The challenges are similar for corporate users who want to view where a prospect is in the sales funnel—from lead to conversion to payment, sale, and customer service. If this data is spread across different platforms, tools, and accounts, it can be challenging to quickly discover and assess.
Data catalogs make data easy to find and access
A data catalog helps users understand which data exists and where, so they can get it without back and forth between departments. Data catalogs help companies create a comprehensive, searchable inventory of data assets which includes types of metadata such as location, format, and relationships to other data assets.
Data catalogs are especially critical to organizations where data is an underutilized asset. Think of it like this: one team might collect data for a specific purpose, but that data may have the potential to be used outside its original context. For example, customer success teams often collect valuable information about existing clients, which product teams can leverage to build new features or optimize existing ones.
Because data catalogs can identify common attributes across data sets, such as a customer ID or product code, they can bridge the disconnect between data assets. This makes it easier for team members and stakeholders to understand and leverage data assets. A data catalog provides both technical characteristics (such as data formats, structure, and quality metrics) and business context (like data descriptions, stakeholders, business rules, and usage examples) of data assets. This ensures users have access to well-rounded, accurate information.
Data catalogs are built within internal data marketplaces. Think of internal data marketplaces like virtual shopping malls and data catalogs as directories that provide a unified, structured listing of all available data assets along with their location.
There are plenty of benefits to building a data catalog. They help:
- Provide a scalable way for organizations to manage ever-increasing data assets
- Curate data more efficiently via indexing and searching
- Eliminate manual processes and dependencies with advanced search capabilities typically driven by machine learning and semantic context
- Support data-driven decision-making with access to technical and business metadata
- Simplify data compliance and governance as automation tools do the heavy lifting
Now that it’s clear what a data catalog is and its benefits, let’s examine how to create a data catalog that also maintains security and compliance standards.
Best practices for building a data catalog for internal marketplaces
Building a data catalog isn’t always straightforward. It can be challenging for organizations to identify data assets, maintain data quality, build classification schemes and taxonomies, and establish development requirements.
We have five best practices we recommend following when building a data catalog for your internal enterprise data marketplace. They are:
-
-
- Define metadata
- Establish data quality metrics
- Establish roles and responsibilities
- Define taxonomies and relate business assets to each other
- Plan and manage data flows
-
Best Practice 1: Define metadata
The first step to building a data catalog is to capture metadata from existing data assets within your organization. Metadata is structured information about a data asset, which inclues a dataset description, context, file format and size, creation date, source, quality metrics, and usage.
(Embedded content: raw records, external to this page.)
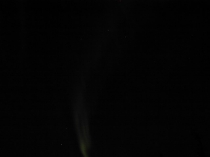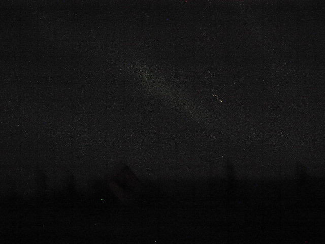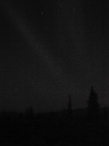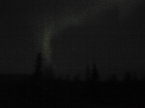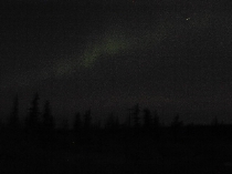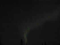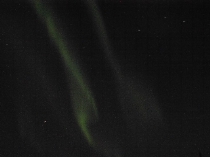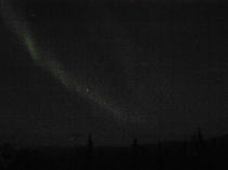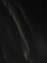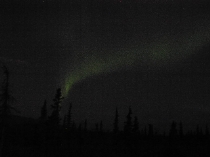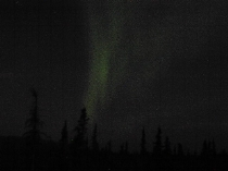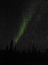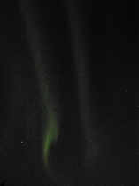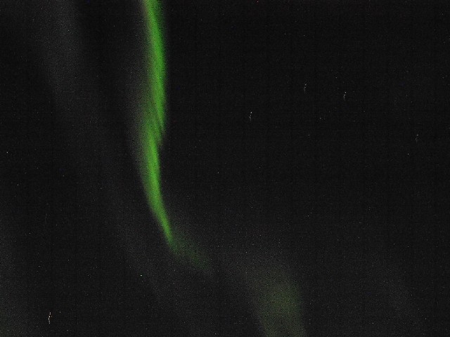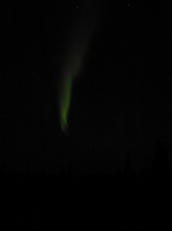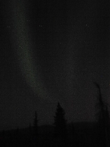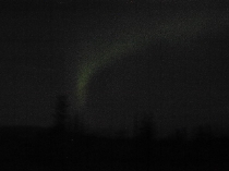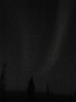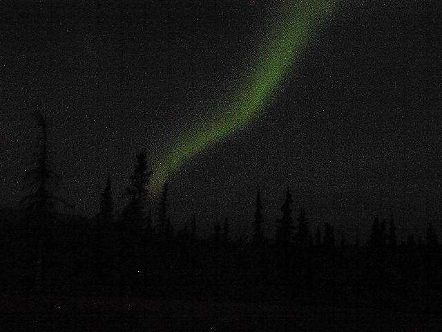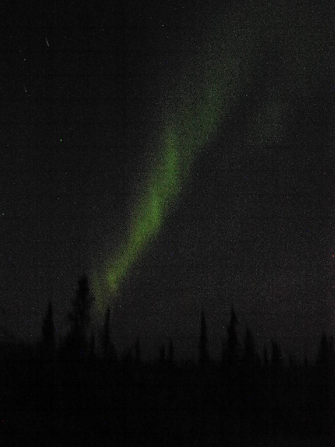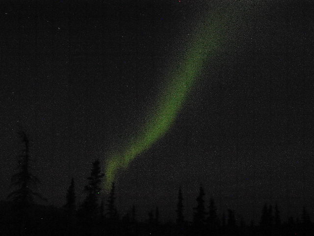 当然ですが綺麗でした。どのくらい続いたでしょうか?よく覚えていませんが、決して長くはなかったです。多分、30分もないくらい、ほんのひと時の出現でした。ユラユラと天で本当にカーテンを思わせるようにゆれてました。そして、出ては消えて、また別のところに出ては消えて... 嬉しかった。ラッキーでした。2004アラスカ最後の夜に見れて。
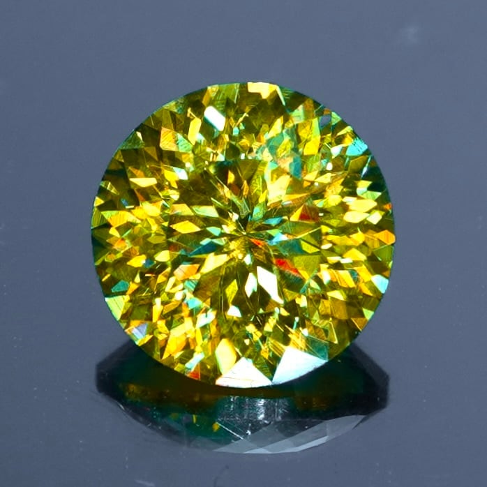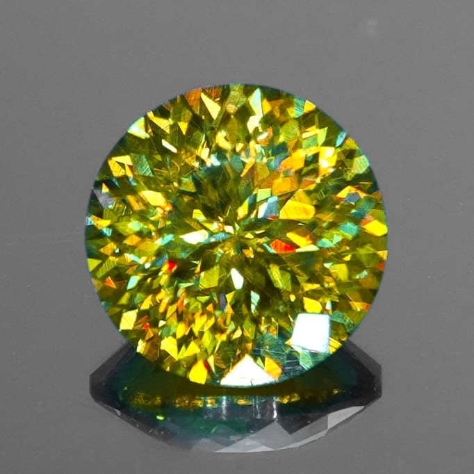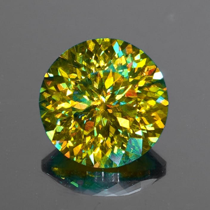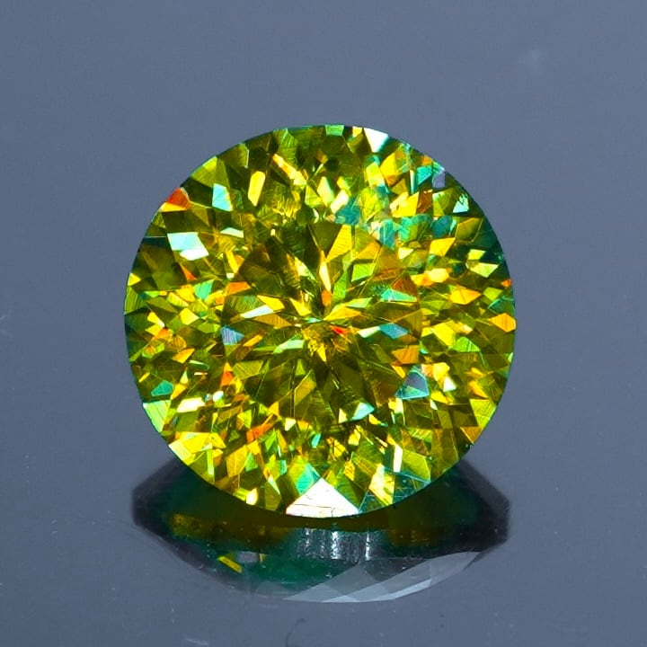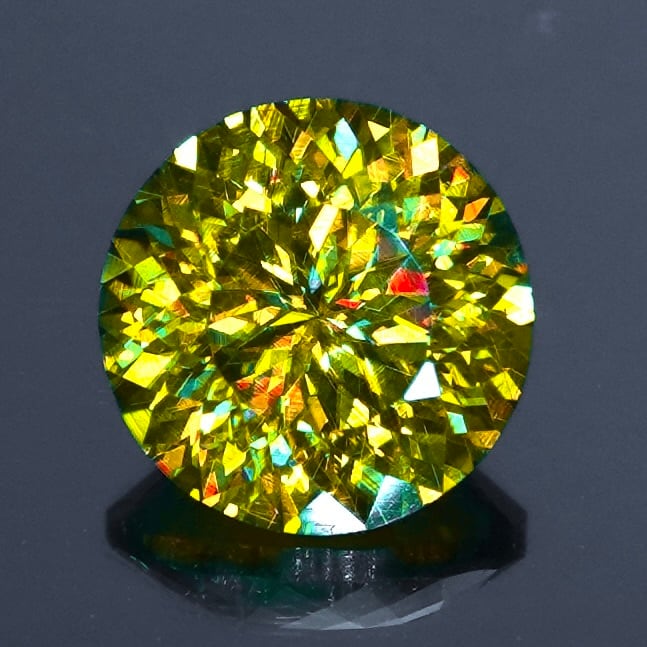 わずかに角度を変えるだけで、グリーンやオレンジ、赤や青といった極彩色の光が走り、結晶の内部で小さな光の爆発が起こります。
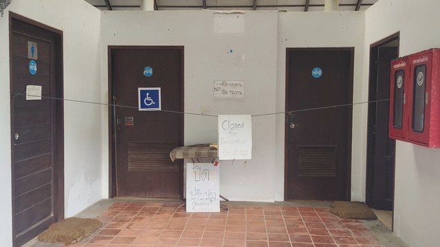 โดยด้านหน้านมีการขึ้นป้ายไว้ว่าปิดปรับปรุงจนกระทั่งตอนนี้ก็ยังไม่มีการซ่อมแซมดูแล ห้องน้ำสาธารณะแห่งนี้ตั้งอยู่ไม่ห่างจากชายหาดนางทอง ทุกๆวันจะมีนักท่องเที่ยวมาเที่ยวชมพระอาทิตย์ตกน้ำ เล่นน้ำทะเลกันจำนวนมากแต่ห้องน้ำสาธารณะกลับใช้ไม่ได้นักท่องเที่ยวทั้งไทยทุ้งต่างชาติเดือดร้อน ส่วนศาลานั่งพักผ่อนที่อยู่ใกล้กับห้องน้ำสาธารณะมีสภาพผูพังเช่นกัน ฝ้าหลุดร่วงเหลือแต่โครงฝ้า ปลั๊กไฟเป็นสนิมใช้การไม่ได้
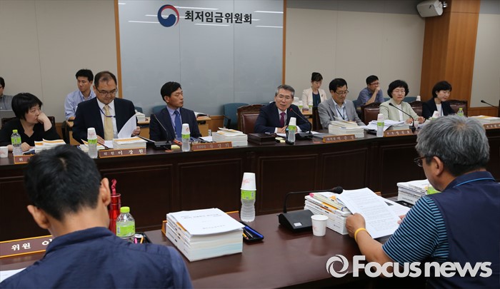 (세종=포커스뉴스) 4일 오후 세종시 정부세종청사 고용노동부 최저임금위원회 전원회의실에서 열린 제8차 전원회의에서 박준성 위원장이 회의를 주재하고 있다.
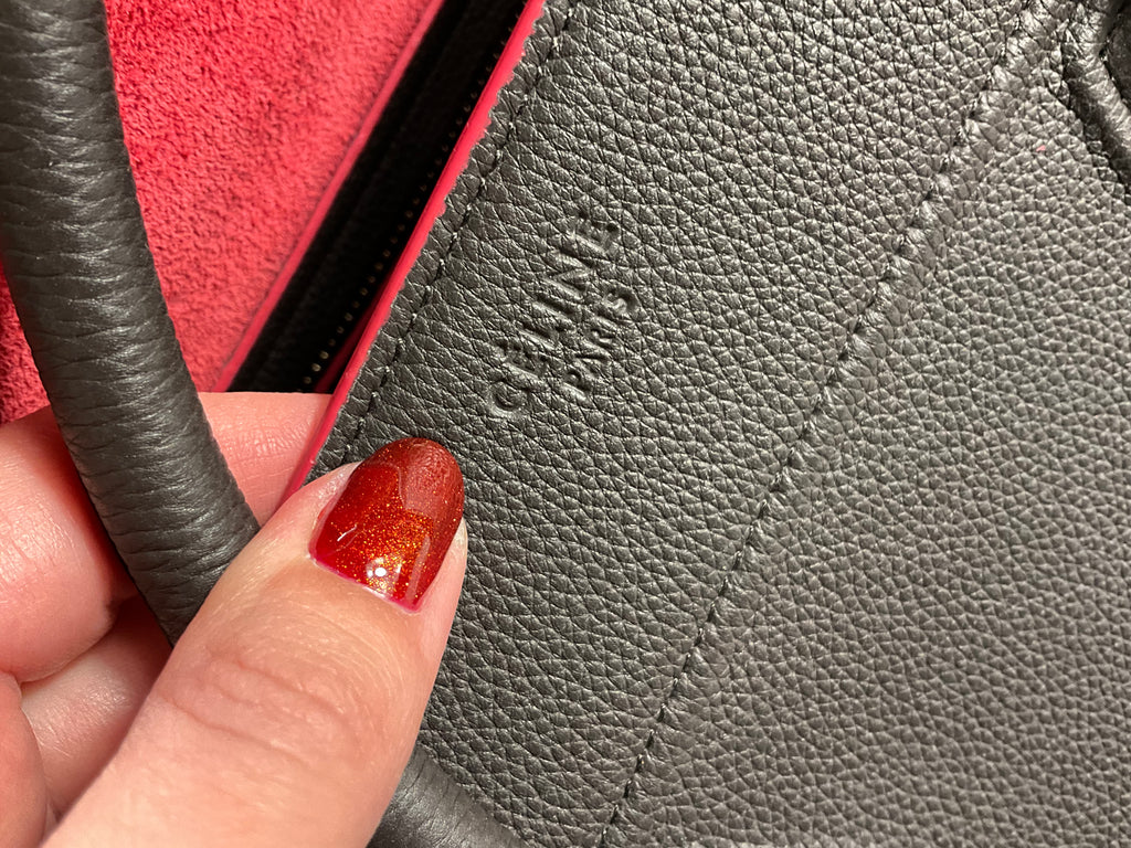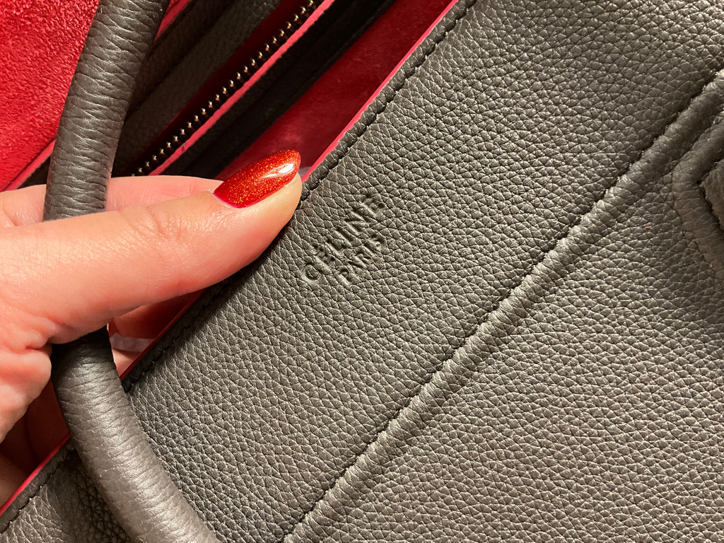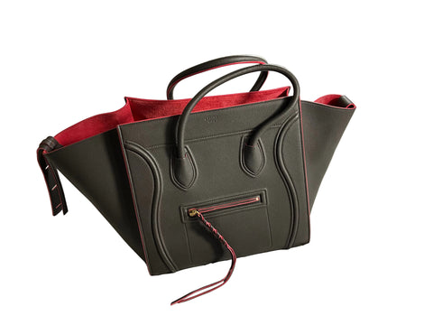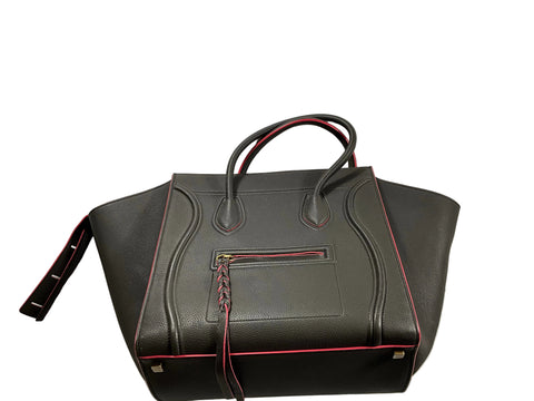 CELINE Dark Grey/Pink Leather Medium Phantom Luggage Tote Bag

For example, a data catalog has a dataset called “Employee Information.” The metadata might include the following:
- Description: The dataset contains employee personal information and performance metrics
- Format: Relational database (Oracle)
- Size: 100MB
- Columns:
- Employee ID
- Full name
- Department
- Position
- Date of birth
- Employment start date
- Salary
- Performance rating
- Data source: HR management system
- Data quality metrics:
- The source is 100% complete
- Data is verified and considered highly accurate
- Data adheres to predefined business rules and standards
- Data has been validated
- Business context: HR analytics, employee performance evaluation, workforce planning
- Data owner: Toby Flenderson (Human Resources)
- Last updated: June 20, 2023
- Tags: Employees, Human Resources, HR analytics, Performance Management
The metadata provides technical information, tags and descriptions for searchability, and operational metadata to demonstrate freshness.
For smaller organizations, handling metadata might be simpler simply due to volume and complexity. However, for medium- to enterprise-sized organizations with large, ever-increasing amounts of data, it’s tough to organize metadata in a scalable, structured manner. That’s when standardized metadata comes into play.
Standardized metadata and attributes
Standardized metadata provides a common set of metadata attributes and adheres to widely accepted frameworks or standards to describe and categorize data assets consistently. Some well-known standards include Dublin Core Metadata Initiative (DCMI), Data Documentation Initiative (DDI), Metadata Object Description Schema (MODS), and Common Warehouse Metamodel (CWM). Standardized metadata makes data discoverability easier and faster since it allows users to search, filter, and explore existing data easily.
Once you have selected the metadata you want to add to your data catalog, explore and shortlist metadata management tools. Revelate is one such tool; it can define metadata and fully customize how consumers browse and filter products.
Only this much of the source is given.